Quick answer: Use pseudolocalization to catch overflow and missing strings before real translations arrive, test each language for font and encoding support, and capture the active language and a screenshot on every report. Localization bugs are visual and language-specific, so the language context plus an image is what makes them fixable.
Adding languages to your game can dramatically expand your audience, and it can also break your carefully built interface in a dozen ways that English never revealed. German words overflow your buttons, missing translations fall back to placeholder keys, an unsupported character renders as a box, and a right-to-left language mirrors your layout in ways you never tested. Localization bugs are their own category, mostly visual and always language-specific, and catching them takes a deliberate QA process plus capturing the language context behind every report.
Localization breaks things English hid
Your UI was almost certainly designed and tested in one language, and it fits that language perfectly. Other languages do not respect those dimensions. German and Finnish words are notoriously long and overflow buttons and labels. Japanese and Chinese need different fonts and line-breaking. Right-to-left languages like Arabic and Hebrew require mirrored layouts. None of these problems exist until you localize, and then they all appear at once.
This means localization QA is not just checking that the translations are accurate, it is checking that your game holds together visually and technically in every language. A perfect translation that overflows its text box is still a bug, and the most common localization defects are layout and rendering problems, not mistranslations.
Use pseudolocalization early
The most powerful localization QA technique is pseudolocalization: replacing your text with a transformed version that is longer, uses accented and wide characters, and is wrapped in markers. You can do this before any real translation exists, and it instantly reveals overflow, clipping, and missing-string problems across your entire interface.
Pseudolocalization catches the structural problems cheaply and early, while you still have time to fix your layouts. Strings that are not externalized show up because they do not get transformed, overflow shows up because the pseudo text is longer, and encoding problems show up because of the wide characters. Running pseudolocalization should be a standard part of your build long before you commit to real translations.
Test fonts and encoding per language
Each language you support needs a font that contains its characters, and a missing glyph renders as a box or a blank. Test every language with its real script, not just the Latin alphabet, and verify your font fallback chain handles characters your primary font lacks. CJK languages and scripts like Thai or Devanagari are common sources of missing-glyph bugs.
Encoding issues lurk underneath. If any part of your pipeline assumes a single-byte encoding, multi-byte characters get mangled, producing garbled text. Test that strings round-trip correctly from your translation files through your game to the screen, and capture the active language in reports so a garbled-text report immediately points at which language pipeline is broken.
Capture language and a screenshot
Because localization bugs are visual and language-specific, the two most valuable things to capture are the active language and a screenshot. A report that says the text is broken is nearly useless, but a screenshot showing French text spilling out of a button, tagged with the language, is instantly actionable and tells you exactly which string and which layout need attention.

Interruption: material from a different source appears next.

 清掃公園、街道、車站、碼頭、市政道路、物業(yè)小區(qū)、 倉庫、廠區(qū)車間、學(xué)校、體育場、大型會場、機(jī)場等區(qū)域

The active language field also lets you tell whether a bug is universal or specific to one translation. A layout that breaks only in German is a length problem, one that breaks only in Arabic is a mirroring problem, and one that breaks in every language is a structural issue. The language tag turns a pile of broken text reports into a sorted list by cause.
Setting it up with Bugnet
Add an in-game report option that captures a screenshot and the active language automatically, plus the current screen or menu. Bugnet stores them so your localization reports arrive with the image and language context that make them fixable, whether they come from your testers or from players using a language you do not speak.
Group reports by language and screen to see patterns: a cluster on one language and one menu localizes the problem precisely. Because players in a language you cannot read can still file a report with a screenshot, you get visibility into localization bugs you would otherwise never even know existed, which is invaluable when you are shipping in languages outside your team fluency.

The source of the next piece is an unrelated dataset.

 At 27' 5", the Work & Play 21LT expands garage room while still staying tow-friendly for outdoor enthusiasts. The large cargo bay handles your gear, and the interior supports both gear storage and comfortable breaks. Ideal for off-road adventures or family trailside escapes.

Recruit native-speaker testers
Automated techniques catch structural problems, but only a native speaker catches the subtle ones: a translation that is technically correct but reads awkwardly, a term that is wrong in context, a cultural reference that does not land. For the languages that matter most to your audience, recruit native-speaker testers and give them the same easy report path your other testers use.
Make it easy for them to flag both bugs and quality issues, with a screenshot and the language captured automatically so you can act even when you cannot read the text yourself. Native-speaker feedback combined with pseudolocalization and per-language technical testing gives you full coverage, from the structural bugs that break your layout to the nuance that makes a translation feel native rather than machine-made, which is what players in each language actually judge you on.
A perfect translation that overflows the button is still a bug. Test the layout, not just the words.